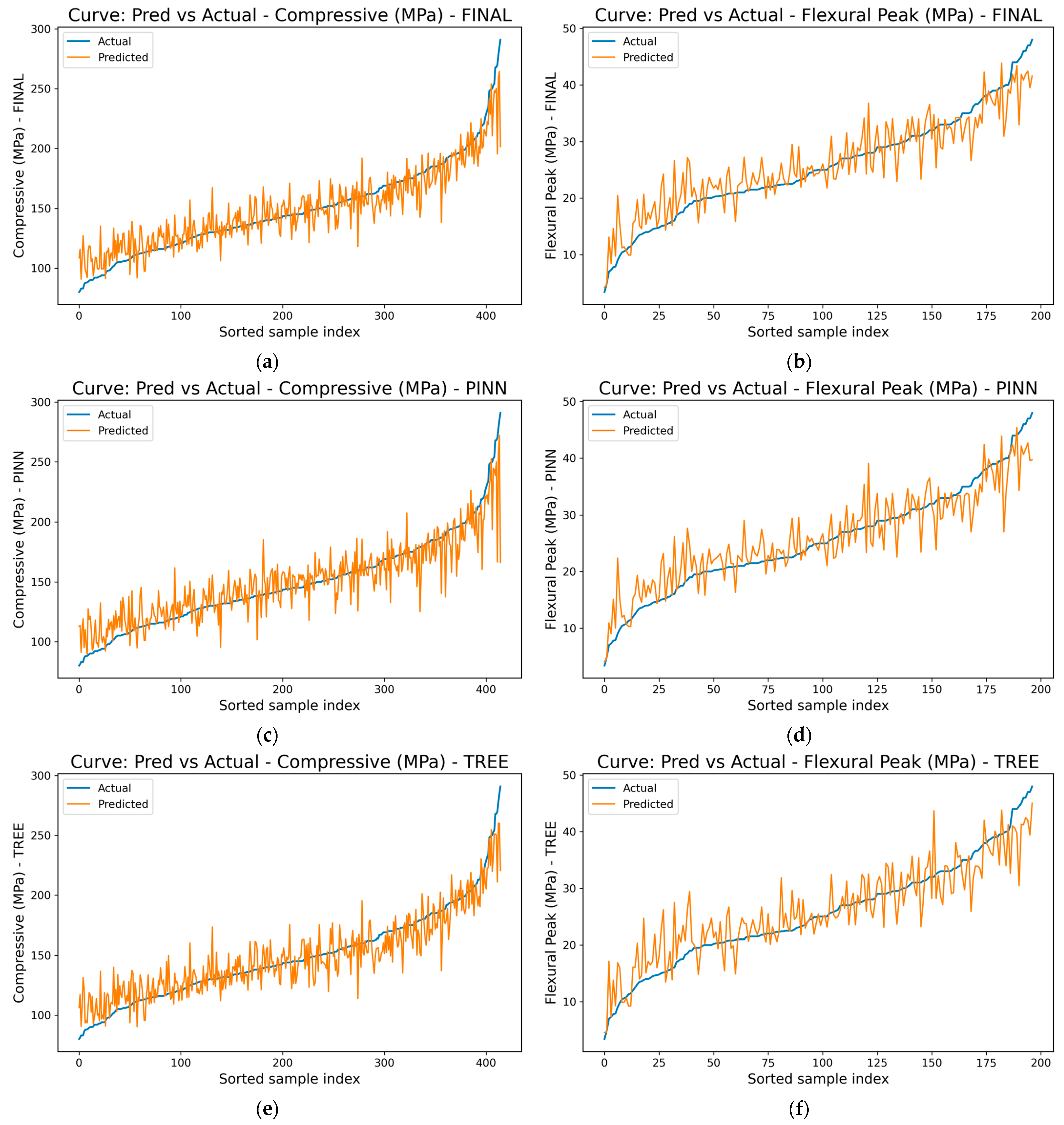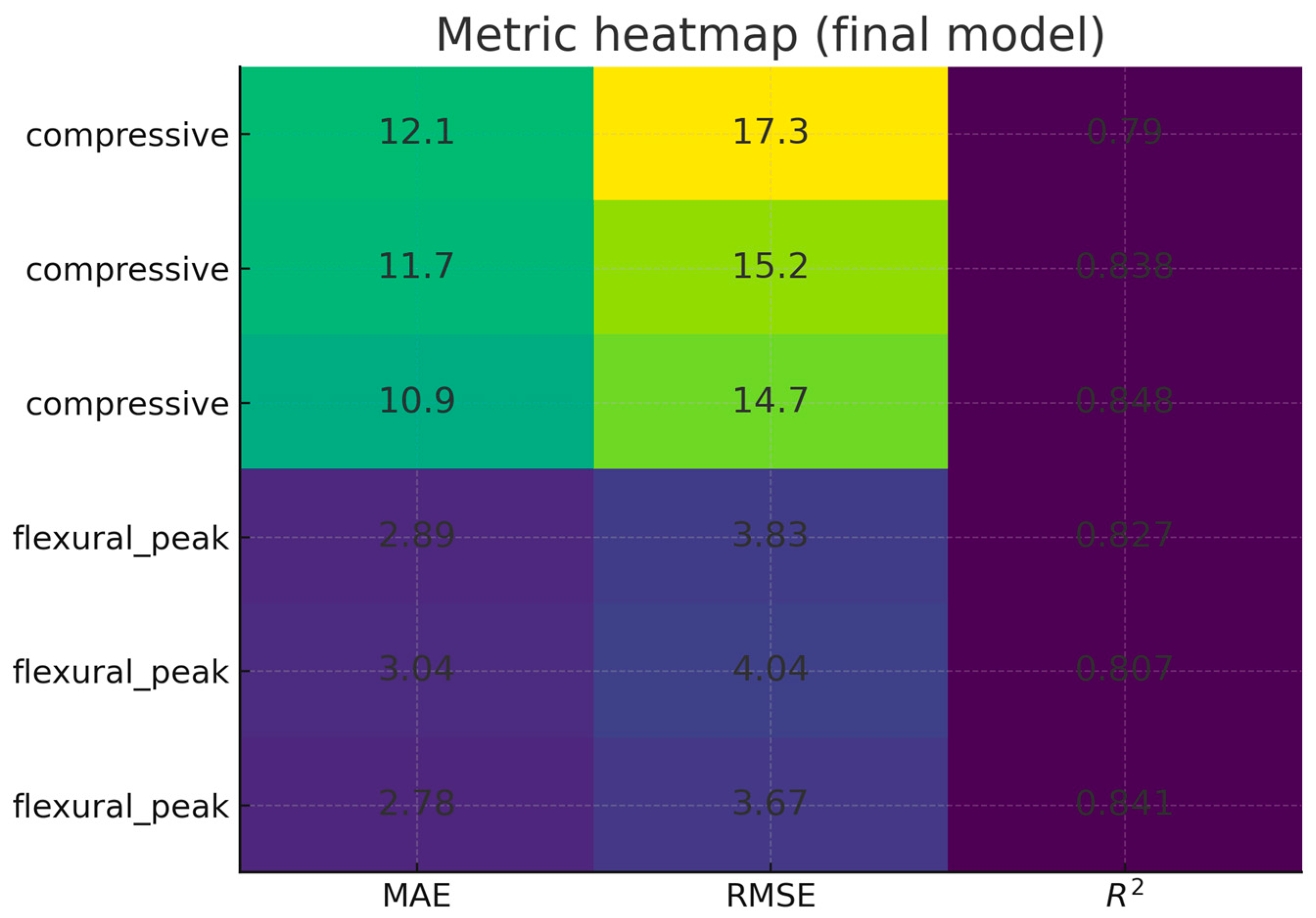 - The convex blend of PINN and HGBT consistently outperformed individual models, achieving an MAE/RMSE/R2 of 10.9/14.7/0.848 for compressive strength and 2.78/3.67/0.841 for flexural strength, thereby improving accuracy and robustness across tasks.
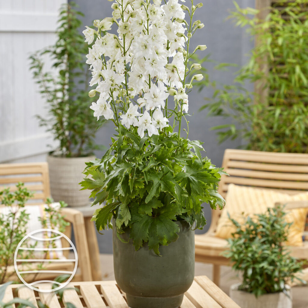 Discover the beauty of Delphinium with our exceptional compact species. Delphinium Pixie Rocket® boast excellent basal branching, ensuring multiple large flower stems that bloom quickly and abundantly. Moon Rocket is a beautiful white variety.
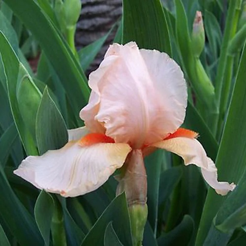 Бородатый ирис Пати Дресс — это не просто садовое украшение, а выразительный цветочный акцент, который играет на грани изящества и сдержанной яркости. Его лепестки окрашены в редкий абрикосово-лососевый тон, который переливается на солнце и подчёркивает глубину цвета фолов. Оттенки будто подсвечены изнутри, создавая эффект мягкой акварели. Этот сорт идеально подходит для тех, кто ценит чистую палитру, текстуру лепестков и устойчивость к климатическим капризам.
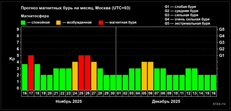 Прогноз магнитной бури 17 ноября 2025
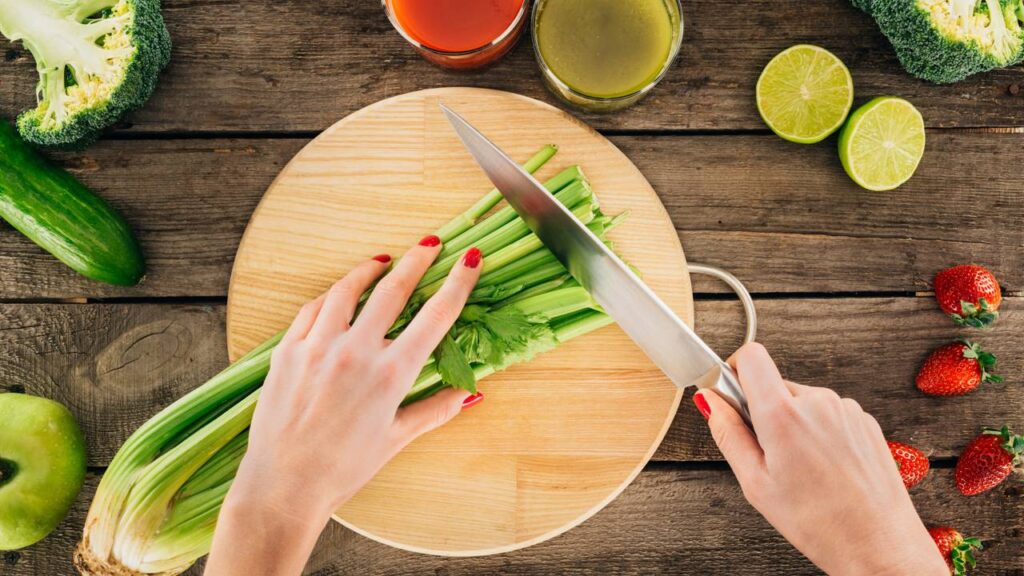- Sucos e batidas: aipo batido com água, maçã, limão ou gengibre, sem açúcar em excesso;
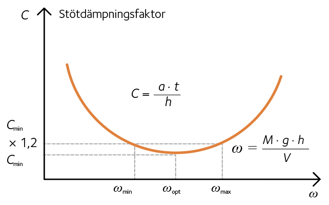 Stötdämpande material kan karakteriseras med hjälp av stötdämpningsfaktorn C och energiupptagningsförmågan per volymenhet ω.
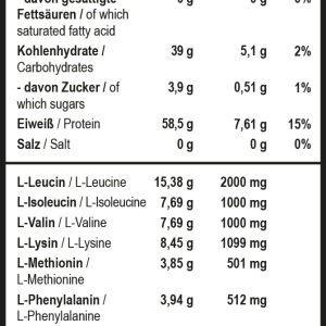 — 7,61 г аминокислот на порцию (изолейцин, лейцин, валин, лизин, метионин, треонин, триптофан и фенилаланин),
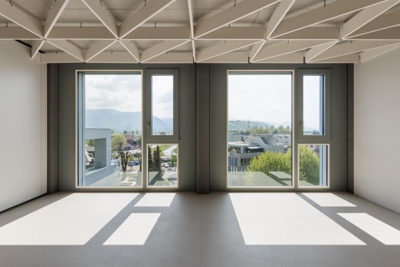 Im Erdgeschoss, zum Ochsenplatz ausgerichtet, befindet sich das Bistro Öxli. Über eine einläufige Treppe oder den Lift erreicht man die Obergeschosse. Dort sind Einzel- und Grossraumbüros untergebracht. Wie die Fassade besticht auch der Innenausbau durch seine Schnörkellosigkeit: Sichtbeton, Wandverkleidungen aus Fichtensperrholz, Deckenbaffeln aus recyceltem Einweg-Plastikflaschen und geschliffene Anhydritböden bilden eine minimale Grundausstattung und erzeugen ein angenehmes unprätentiöses Arbeitsambiente. Die ansonsten dezente Farbgebung wird an wenigen Stellen bewusst von einem Farbakzent unterbrochen, am augenfälligsten im Treppenhaus, wo Treppengeländer und Türen in einem dunkelroten Farbton gestrichen sind, man könnte auch sagen in ochsenblutrot…
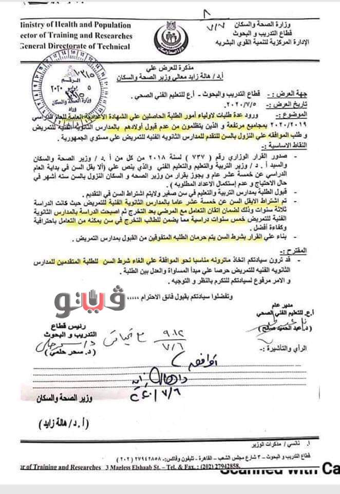 جاء ذلك بناء على تظلمات الأهالي أولياء الأمور للطلبة الحاصلين على الشهادة الإعدادية بمجموع مرتفع وعدم قبول أولادهم في مدارس الثانوي للتمريض بسبب تاريخ الميلاد.
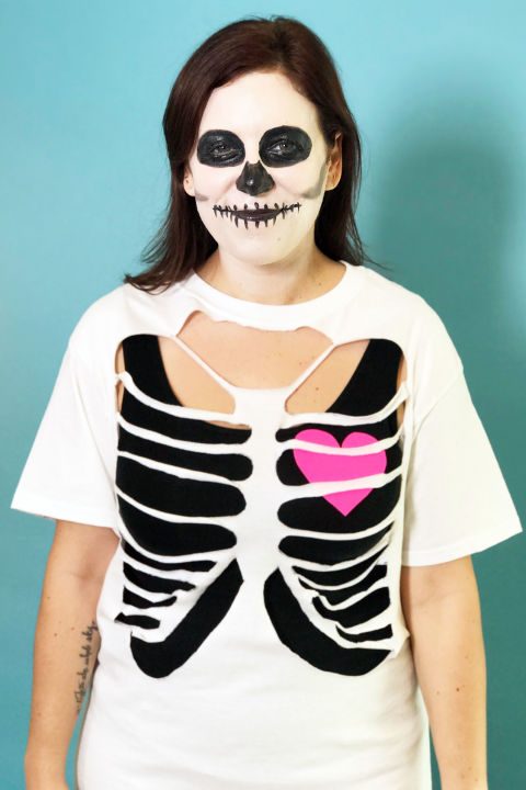 Берите ненужную белую футболку и безжалостно разрезайте ее ножницами, чтобы получилась грудная клетка. Подденьте вниз черную майку с наклеенным сердцем и не забудьте про макияж, без него вам никого не удасться испугать.

::::

About this task. Each entry gets copied exactly; the pictures stay out.

Solution below.
 - The convex blend of PINN and HGBT consistently outperformed individual models, achieving an MAE/RMSE/R2 of 10.9/14.7/0.848 for compressive strength and 2.78/3.67/0.841 for flexural strength, thereby improving accuracy and robustness across tasks.
 Discover the beauty of Delphinium with our exceptional compact species. Delphinium Pixie Rocket® boast excellent basal branching, ensuring multiple large flower stems that bloom quickly and abundantly. Moon Rocket is a beautiful white variety.
 Бородатый ирис Пати Дресс — это не просто садовое украшение, а выразительный цветочный акцент, который играет на грани изящества и сдержанной яркости. Его лепестки окрашены в редкий абрикосово-лососевый тон, который переливается на солнце и подчёркивает глубину цвета фолов. Оттенки будто подсвечены изнутри, создавая эффект мягкой акварели. Этот сорт идеально подходит для тех, кто ценит чистую палитру, текстуру лепестков и устойчивость к климатическим капризам.
 Прогноз магнитной бури 17 ноября 2025
- Sucos e batidas: aipo batido com água, maçã, limão ou gengibre, sem açúcar em excesso;
 Stötdämpande material kan karakteriseras med hjälp av stötdämpningsfaktorn C och energiupptagningsförmågan per volymenhet ω.
 — 7,61 г аминокислот на порцию (изолейцин, лейцин, валин, лизин, метионин, треонин, триптофан и фенилаланин),
 Im Erdgeschoss, zum Ochsenplatz ausgerichtet, befindet sich das Bistro Öxli. Über eine einläufige Treppe oder den Lift erreicht man die Obergeschosse. Dort sind Einzel- und Grossraumbüros untergebracht. Wie die Fassade besticht auch der Innenausbau durch seine Schnörkellosigkeit: Sichtbeton, Wandverkleidungen aus Fichtensperrholz, Deckenbaffeln aus recyceltem Einweg-Plastikflaschen und geschliffene Anhydritböden bilden eine minimale Grundausstattung und erzeugen ein angenehmes unprätentiöses Arbeitsambiente. Die ansonsten dezente Farbgebung wird an wenigen Stellen bewusst von einem Farbakzent unterbrochen, am augenfälligsten im Treppenhaus, wo Treppengeländer und Türen in einem dunkelroten Farbton gestrichen sind, man könnte auch sagen in ochsenblutrot…
 جاء ذلك بناء على تظلمات الأهالي أولياء الأمور للطلبة الحاصلين على الشهادة الإعدادية بمجموع مرتفع وعدم قبول أولادهم في مدارس الثانوي للتمريض بسبب تاريخ الميلاد.
 Берите ненужную белую футболку и безжалостно разрезайте ее ножницами, чтобы получилась грудная клетка. Подденьте вниз черную майку с наклеенным сердцем и не забудьте про макияж, без него вам никого не удасться испугать.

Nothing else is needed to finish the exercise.